Najib’s post-709 KL walkabout reminds you of what?

By Kit

July 11, 2011

There are many casualties in the 709 Bersih 2.0 rally on Saturday especially the police, the mainstream media and the election commission but the biggest loser of all is undoubtedly the Prime Minister, Datuk Seri Najib Razak.

709 saw the death of Najib’s 1Malaysia but the birth of a true Bersih 1Malaysia where Malaysians of all races, religions, gender and age walked tall despite police threats, teargas, water cannons and sustained media demonisation to reaffirm their faith in a Clean Malaysia where there are free and fair elections, a clean political system and incorrupt national governance.

Najib and his strategists are aware that the Prime Minister is in deep political trouble because of gross mishandling of the 709 Bersih 2.0 rally – hence the instant counter of an UMNO-organised Special Information Briefing for Umno officials, UMNO-linked NGOs and heads of government-linked companies yesterday and a walkabout by Najib at Jalan Tuanku Abdul Rahman and Jalan Masjid India, two “hotspots” of the 709 Bersih 2.0 rally in Kuala Lumpur.

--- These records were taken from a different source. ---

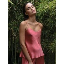 Dieses edle Seiden-Top macht als glänzendes Oberteil oder als seidiges Unterhemd eine gute Figur. Zusammen mit den separat erhältlichen Seidenshorts wird daraus ein luftiger Kurz-Schlafanzug für den Sommer. Das Top ist aus Seidensatin aus reiner Seide und hat eine Länge von ca. 65 cm. Die zierlichen Spaghetti-Träger sind besonders fein verarbeitet und der V-Ausschnitt betont das Decolleté.
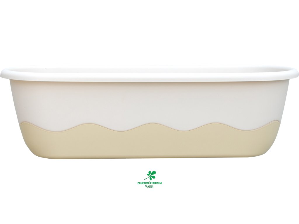 Samozavlažovací truhlík Mareta 60 cm v barevné kombinaci slonová kost světlá a slonová kost tmavá. Obsahuje hladinoměr, zalévací šachtu, knot a sponu.
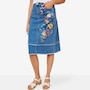 Diane Gilman New Classic Stretch Embellished Denim A-Line Skirt with Frayed Hem
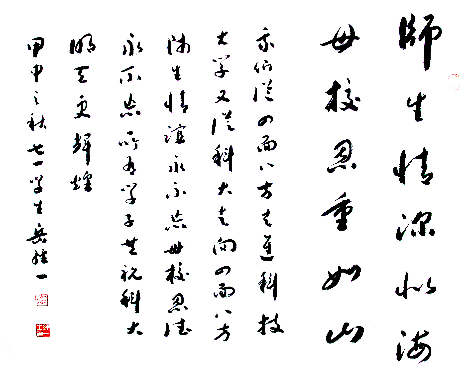 近日,淄博市人大副主任、中国书法家协会会员、山东省摄影家协会会员、淄博市书法家协会和摄影家协会名誉主席、我校71届校友岳经一应邀回母校参观访问。为鼓励校友工作的顺利开展,在校期间,岳经一校友应邀欣然题词。题词全文如下:“我们从四面八方走进科技大学,又从科大走向四面八方,师生情谊永不忘,母校恩情永不忘,所有学子共祝科大明天更辉煌”“师生情深似海,母校恩重如山”
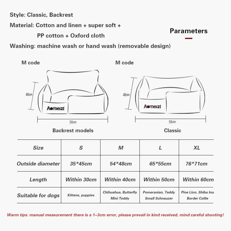 Cat Bed Sofa Winter Warm Removable Summer Cooler Mat Foam Neck Pad Nest Beds Pet Deep Sleeping for Small Medium Dogs Puppy
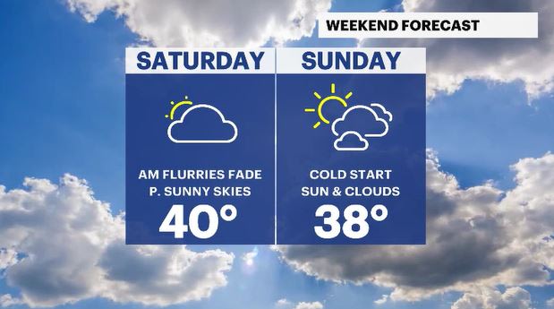 SATURDAY: Mostly cloudy with any flurries fading early on to a mix of sun and clouds. Highs: upper-30s to low-40s. Lows: mid-20s.
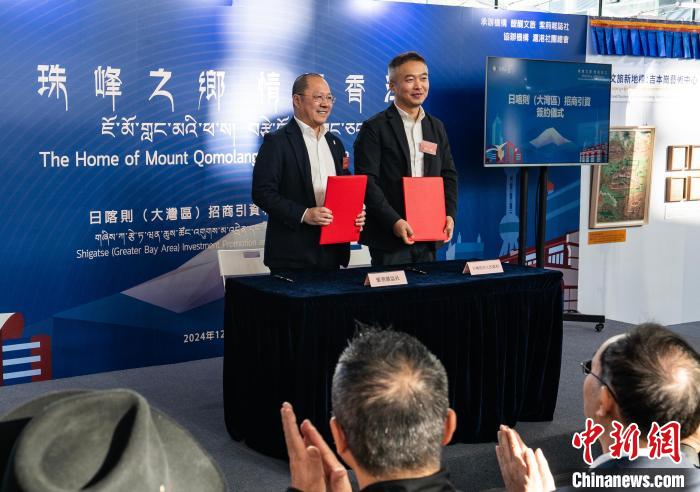 圖為日喀則市委副書記、常務副市長彭一浩(右)和紫荊雜志社總編輯袁建簽署招商引資協(xié)議。中新網(wǎng)記者 侯宇 攝
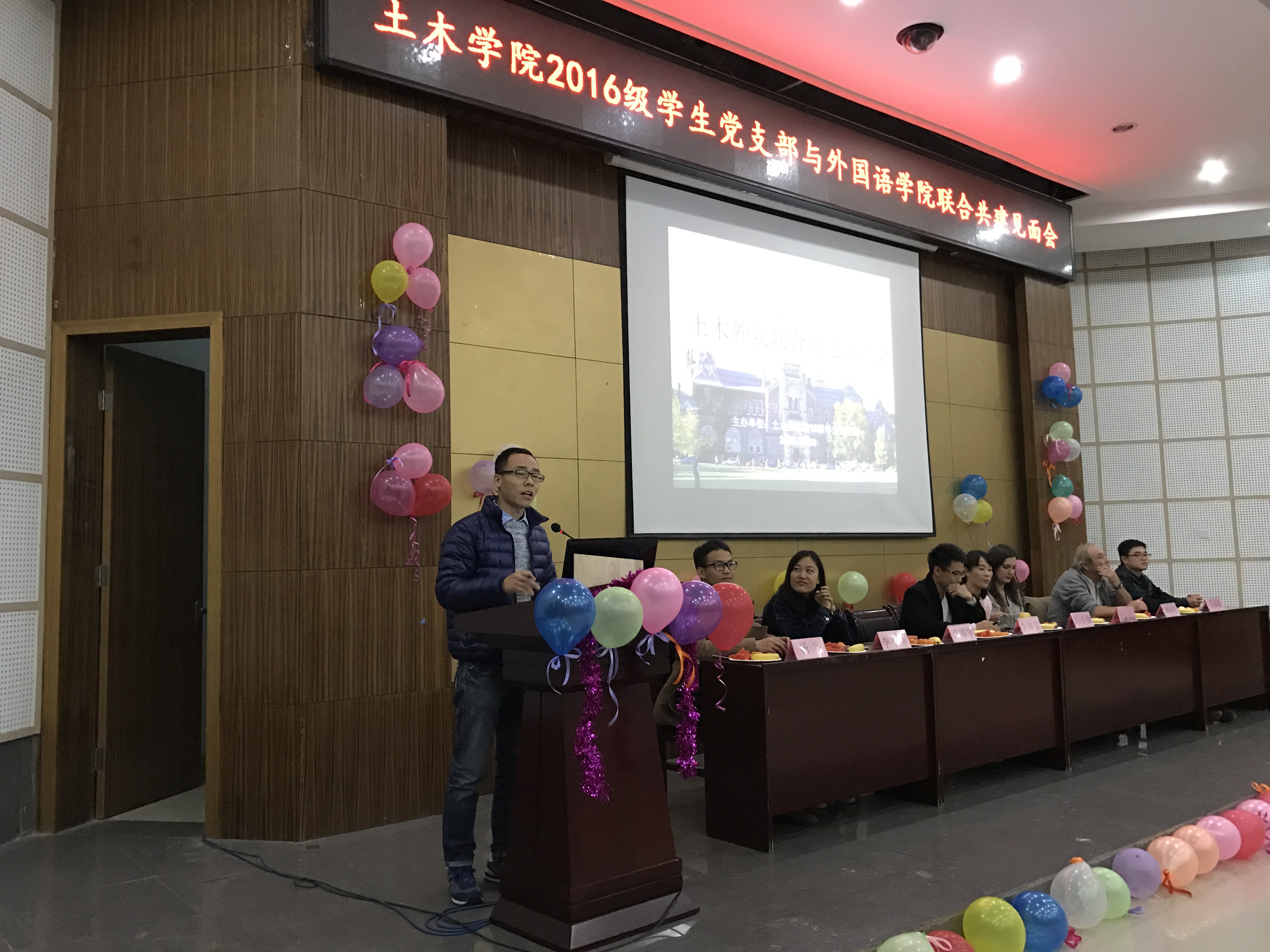 12月6日晚,emc易倍体育app与土木学院2016级学生党支部联合共建见面大会在土木学院院办多功能厅举行。emc易倍体育app辅导员许震宇老师,土木学院院长布鲁诺先生,辅导员江小敏、李坤皇、杨宇、李小倩老师莅临本次大会。此外,emc易倍体育app英语口语协会有幸邀请到外籍友人助阵此次大会。两院师生和外国友人欢聚土木多功能厅,拉开学生党支部共建序幕。
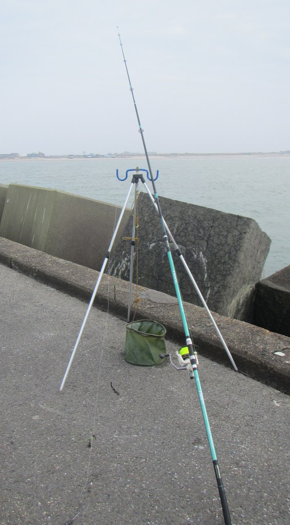 Het plan was met twee hengels te vissen, maar helaas bleek de feederhengel als tweede hengel in het foudraal te zitten. Omdat de stroming van het opkomende water nog stevig is, is de ene strandhengel met 150 gram ankers eigenlijk al voldoende. De feeder heeft niet in actie hoeven komen, ondanks dat de eerste worpen geen vis opleverden.

However, the Prime Minister’s credibility has plummeted to a new low as a result of the gross mishandling of the 709 Bersih 2.0 rally so much so that his unannounced walkabout of Kuala Lumpur a day after 709 reminds one of Bush’s unannounced one-day visit to Baghdad after the United States bomb-out of Iraq!

This is why the “100,000-People Request Najib Tun Razak Resignation” facebook reached its target of getting 100,000 likes in some 36 hours, and has now exceeded 120,000 although not yet 48 hours since it was first started.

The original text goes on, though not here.